Monday, April 14, 2014

Designing for failure in the AWS cloud

Everything fails all the time: Hard disks break, computers overheat, wires get broken, the power goes out, earthquakes damage buildings, and because of all this, no single device should be considered fault-tolerant.

It is a guarantee that something in your setup will eventually fail. At large enough scale, something is always failing. 

The reasoning is simple: hardware is physical—subject to the laws of physics—and thus, it breaks all the time. This is a mantra that anyone designing software systems in the AWS cloud must always keep in mind. It is also one of the design principles on which the Amazon AWS cloud solutions are built, and it is a principle that AWS does not eliminate for its customers. 

Something or someone has to deal with all these uncertainties. Ideally, cloud solutions providers such as Amazon AWS would solve problems transparently for their customers and would take care of providing a failure-proof environment, but that’s just not how it works.

As Reed Hastings said during the AWS Re:Invent 2012 Keynote in Las Vegas, “We are still in the assembly language phase of cloud computing.” Coping with failure is for the most part left in the hands of cloud computing users, and software architects must take these inevitable failures very seriously. Design for failure must be deliberate, where there is an assumption that the components in a system will in fact fail, and the best plans design backwards to address them. 

When this backwards planning is done, an important advantage is discovered: Designing a solution for reliability leads to a path that, with little additional cost and effort, solves scalability issues as well.

For example, let’s say that you have a simple web application where customers can log in from the Internet. The application collects data from those individuals, stores it, and provides reports based on that data. 

Initially, you could design it to run very simply across one server and one instance of MySql. It would look something like this:


fig1
This solution might work for a while, and could even run on the computer under your desk with minimal initial cost. Unfortunately though, this scenario includes several concerns: 

  1. It doesn’t scale. As traffic increases you’ll quickly reach a breaking point. Either the database (DB) machine or the product server is bound to get saturated and stop working properly.
  2. There are only two physical components and they depend on each other. If either of them fails, the system is going to be down.

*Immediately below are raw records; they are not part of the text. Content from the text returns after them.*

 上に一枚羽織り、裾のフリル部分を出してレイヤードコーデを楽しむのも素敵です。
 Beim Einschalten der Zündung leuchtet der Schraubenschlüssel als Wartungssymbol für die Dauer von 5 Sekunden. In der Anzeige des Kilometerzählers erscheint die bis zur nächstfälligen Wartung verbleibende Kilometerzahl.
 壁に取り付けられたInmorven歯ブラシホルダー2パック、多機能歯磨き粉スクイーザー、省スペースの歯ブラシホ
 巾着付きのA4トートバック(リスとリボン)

So let’s start by focusing on the component that is further away from the customer, and move backwards from there. What happens if the MySql DB starts failing? I’ll indicate with a red color a component that represents a single point of failure, with green a component that has been determined fault-tolerant, and with white a component that I haven’t yet examined. Our goal is to make all the boxes green. With that in mind:


fig2
In this design if the database fails:

  1. Customers can no longer log in because their credentials are stored in the DB.
  2. The system is not able to collect data since there is no place to put it.
  3. The business logic cannot operate because the data is not available.
  4. The system is unable to display reports since the data is inaccessible.

In other words, the product becomes completely non-functional, resulting in total disaster:


fig3
Failure started from the DB and moved backward toward the customer, ultimately halting the experience. 

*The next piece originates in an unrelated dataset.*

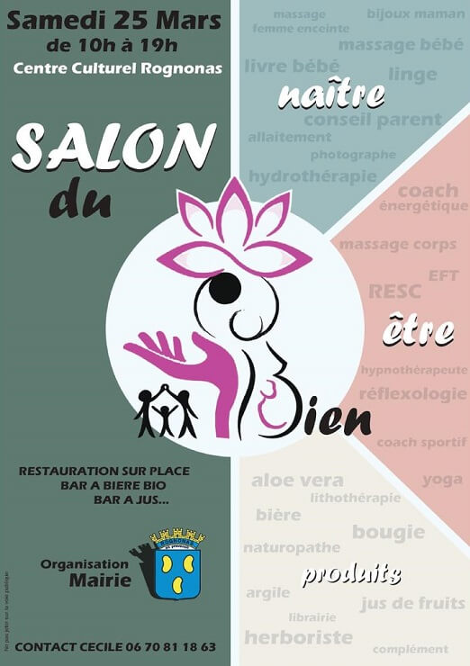 Les 22 et 23 mars 2025, Rognonas organise la 3ème édition de son Salon du Bien-être au centre culturel du village. Organisée par l’association Mille et cent ciels, l’idée est de proposer un week-end pour se faire du bien en toute zénitude grâce aux 30 professionnels présents et un seul mot d’ordre : bien naître / être ! Ateliers, conférences, démonstrations dans différents domaines comme le yoga, la diététique, la sophrologie, les geste de 1er secours, pour les grands comme les petits, voire les tout petits petits, pour vivre mieux et longtemps au naturel !
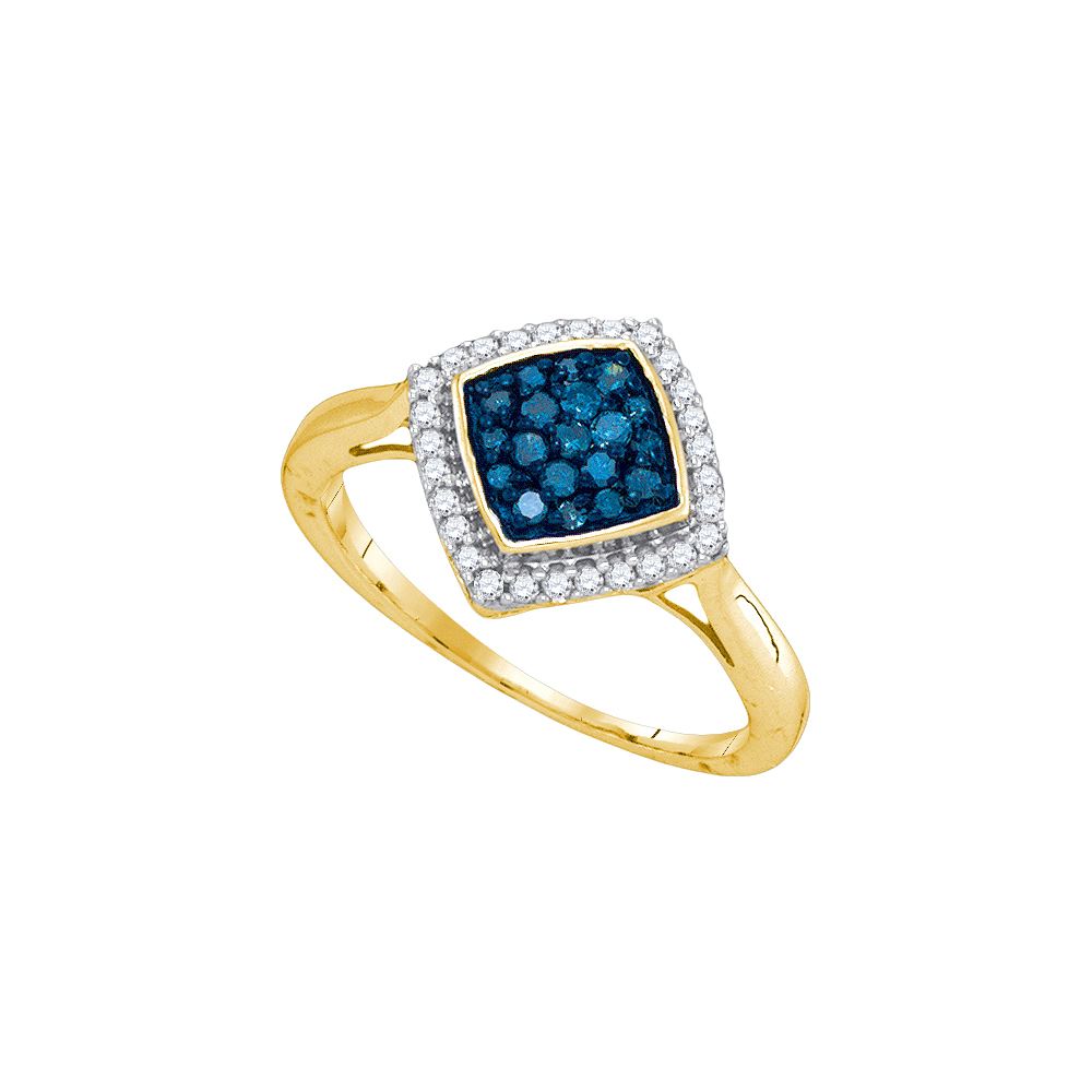 REF-25T8K ---- 0.33 CTW Blue Colored Diamond Square Cluster Ring 10K Yellow Gold - SKU: GD89361

How can this be avoided? We can prevent this scenario by assuming during the design of the system that any MySql instance could fail at any time. We need to replace that single point of failure with something that is tolerant of errors. There are many options to achieve this result. 

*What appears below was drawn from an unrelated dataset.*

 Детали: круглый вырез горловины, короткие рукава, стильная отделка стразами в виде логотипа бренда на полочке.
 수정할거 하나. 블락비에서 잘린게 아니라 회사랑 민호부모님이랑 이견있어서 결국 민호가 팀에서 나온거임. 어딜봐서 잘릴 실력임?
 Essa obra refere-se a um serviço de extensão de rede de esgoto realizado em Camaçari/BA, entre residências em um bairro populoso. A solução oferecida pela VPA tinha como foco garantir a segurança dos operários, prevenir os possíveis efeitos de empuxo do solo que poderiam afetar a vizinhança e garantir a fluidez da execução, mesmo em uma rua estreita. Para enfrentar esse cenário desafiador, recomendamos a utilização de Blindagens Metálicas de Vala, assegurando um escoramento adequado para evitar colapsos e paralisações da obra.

For example, we could partition the data in several MySql instances. With this schema, we would put the population of customers in buckets and use a separate MySql instance for each of the buckets. If any of the instances goes bad, only the group of customers stored in the “bad bucket” will experience issues.

fig4
In this simple example we have two buckets. Assuming that each customer has a numeric customer ID, we could assign customers with odd ID numbers to DB1 and customers with even ID numbers to DB2. If one of the two MySql instances goes bad, you’d get this situation:


fig5
While this is not ideal, at least the product will continue working for 50 percent of your customers while you resolve the problem. In general, if you have n buckets and one goes bad, the system would be broken for only 1/n of the customers. The more buckets that exist, the better this works.

However, there are several drawbacks to this design. The first of which is that data partitioned this way becomes costly to repartition. For instance, if we start with 3 buckets and we want to move to 5, we would need to repartition all the customers and move them around within the databases. There are many ways to address this issue, but it would be nice to come up with a solution that:

  1. Is simple and inexpensive to implement on day one.
  2. Allows managing of costs as the business grows and the available budget increases.
  3. Solves the single point of failure issue.
  4. Allows changing database technology without reengineering the system.
  5. Improves the ability to test the system.

The solution we adopted at DreamBox is based on a physical storage abstraction—we call it “DataBag.” It is designed to separate the physical storage from the data consumers with a very simple NoSql API compatible with memcached. Each physical storage type that is supported is implemented as a plugin of the DataBag system and can be switched depending on needs. For example, in production we can choose to use a different storage solution than in the test or development environments. 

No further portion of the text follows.